Mark Rotenberg, Hillel International’s vice president for university initiatives and the group’s general counsel, argued that antisemitism has proven to be so severe as to warrant its own mechanisms. The inclusion of Islamophobia “and other hateful behavior” in the group’s mandate would be like if a campus Title IX office, focused on gender-based inequality, was also required to focus on racism.

“Antiracism may be a very important thing, but merging it with the problem of violence in frat houses is not going to signal the women on that campus that they are really taking that problem seriously,” said Rotenberg, who works with administrators at campuses across the U.S. on antisemitism-related issues. “That’s our point about antisemitism.”

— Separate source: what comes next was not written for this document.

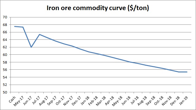 After a short recovery since mid-April when the iron price reached as low as $61 per ton (CME), the most important ingredient for steelmaking suffered another blow in China today. In China’s Dalian Commodity Exchange the iron ore price declined by almost 8 percent to trade at yuan485 per ton or $70.33 per ton. After last year’s stellar performance, the outlook for iron ore is quite grim; the current backwardation in the market is reflecting that.

Lily Cohen, a Northwestern senior who is a member of the task force, came face to face with antisemitism on campus a year before the Oct. 7 attacks. After writing an op-ed in the campus newspaper decrying antisemitism and speaking out about her support for Zionism, she was called a terrorist and faced an onslaught of hate — including a large banner that was printed with her article, covered by “from the river to the sea, Palestine will be free” in red paint. 

“I think it comes from the top,” said Cohen, who noted that, after the op-ed incident, “no strong actions were taken to stand up for Jewish students or protect Jewish students, or even just express that that wasn’t OK. It fostered an environment where antisemitism is tolerated at Northwestern as long as it stays just subtle enough that you’re not saying Jews.”

Afterward, she met with university administrators to talk about what happened to her. “At the end of the day, listening is not enough,” she said. “I don’t think in any of the meetings I had with any administrators, that they actually referred to what happened to me as antisemitism. I think that that’s a huge problem here, is how easy it is to say, ‘We are not antisemitic, we’re just anti-Zionist,’ or ‘We don’t hate Jews, we just hate Zionists. We just hate Israel.’”

The group started meeting in January, and it was asked by the president to finish its work by June, which Cohen worries is not enough time, especially given its broad scope. Administrators at the school have not instilled much confidence in her in the past, but she is choosing to be hopeful.

“Being on the committee, I have to be optimistic that we’re going to do something and that the president will take our recommendations seriously, and will put them into action,” she said. “Because if not, what was it all for?”

Gabby Deutch is Jewish Insider’s senior national correspondent; Haley Cohen is eJewishPhilanthropy’s news reporter.